Most importantly, go spend time out around where you live using your equipment. You'll realize after a while that most stuff you carry that you thought you'd need never actually gets used. The more i go out here, the less i need. I used to take my basic gear, a tarp/tent, 40deg bag, rope, stove, burner, lighters and matches and it was light, after a while i found i was just tossing on my regular camelback that i carry everywhere i go, like a purse. Recently, i don't even bother tossing on any pack, t-shirt and gym shorts w/no pockets, socks, shoes, and i'm good to go. I'm in the sky islands of the high sonoran desert which isn't the easiest environment to "survive" in. I do mostly night hiking through mountain passes and have no problems navigating trails by starlight even on a moonless night. My friend comes with me and he's using his light a lot less now, mainly to navigate steep rocky sections and climb rock walls and stuff.

Yesterday I headed off into the mountians with just my boxers, a t shirt, and shoes, thinking it would rain, and i'd get water. It cleared up and didn't rain. I ended up finding a shaded low spot under a dry waterfall in a wash, dug a hole with a stick and a flat rock, and within a few minutes of digging i had a nice little pool of good water, enough to get a drink, and soak myself down and cool off. Learn to survive like an animal and you'll be all set. What if you lose your pack and end up butt nekkid in the wilderness?

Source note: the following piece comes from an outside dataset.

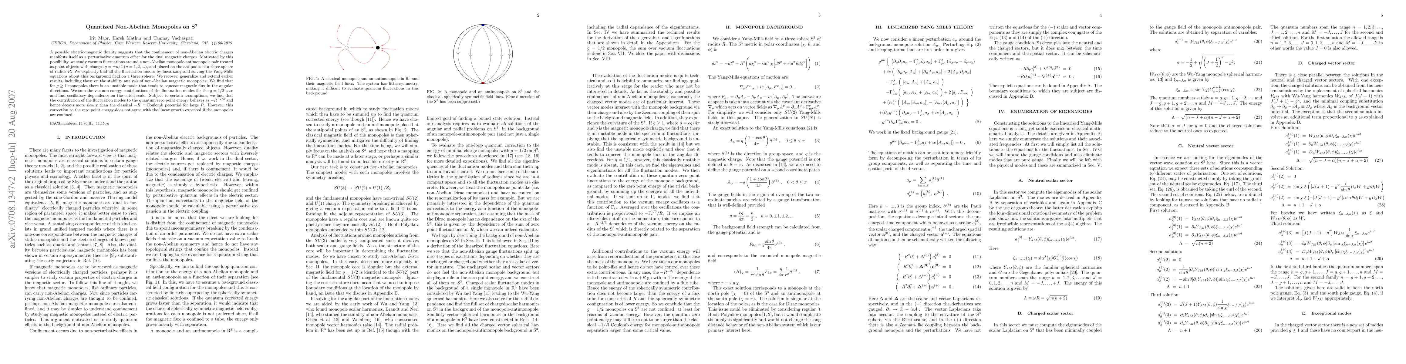 This paper investigates quantized non-Abelian monopoles on S^3, finding fluctuation modes and analyzing their vacuum energy contributions. The study reveals an unstable mode and an oscillatory vacuum energy decay rate of -R^{-2/3}, which contrasts with the expected linear growth for confined monopoles.
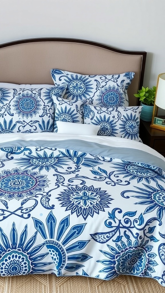 A tan upholstered headboard provides a neutral backdrop for a vibrant display of blue and white floral patterned bedding. The duvet and matching shams feature large, intricate sunburst and vine motifs in various shades of cobalt and azure. The stark white background of the fabric keeps the busy pattern feeling clean and organized rather than chaotic. This creates a cheerful, high-energy mood that feels classic yet bold at the same time. If you love patterns, keep the surrounding walls and furniture neutral to let the bedding be the star of the show.

If there's any fish where you are, get a small handline fishing kit together and put it in an altoids tin or a hollowed out Sharpie marker. My "fishing pole"is a sharpie wrapped with friction tape, ten spooled with some 10lb line, and some assorted sized needles which i can either rig as a hook or use for sewing are stashed in the inside of the marker case, along with a few feet of waxed sinew for making large repairs like sewing a pack back together, or fixing footwear.

posted on Jul, 16 2007 @ 04:08 AM

Originally posted by Hexidecimal
Recently, I've had a sudden burst of the need to survive. I've been interested in increasing my physical strength, as well as my mental strength. I've been packing a BoB, ...
[edit on (7/14/0707 by Hexidecimal]

IMO this has nothing to do with your age. You are being extremely smart given circumstances in the world today. Instict works in funny ways. Murphy's law.

The best way to get a survival mindset is to practice. Don't wait until you have the "perfect" bug out gear, just do it. learn how to make fire, build a shelter, gather food and then do it. start small and work your way up. while it is true that you get what you pay for, prepardness does not have to be expensive, in fact it can be one of your least expensive hobbys.

Most people aren't ready to leave their homes, within a moments notice, and survive outside of their comfort zones for a long peroid of time. That why practicing is essential. A BoB will help, but time spent practicing basic survival is ultimately worth more than all the gear you could hope to lug.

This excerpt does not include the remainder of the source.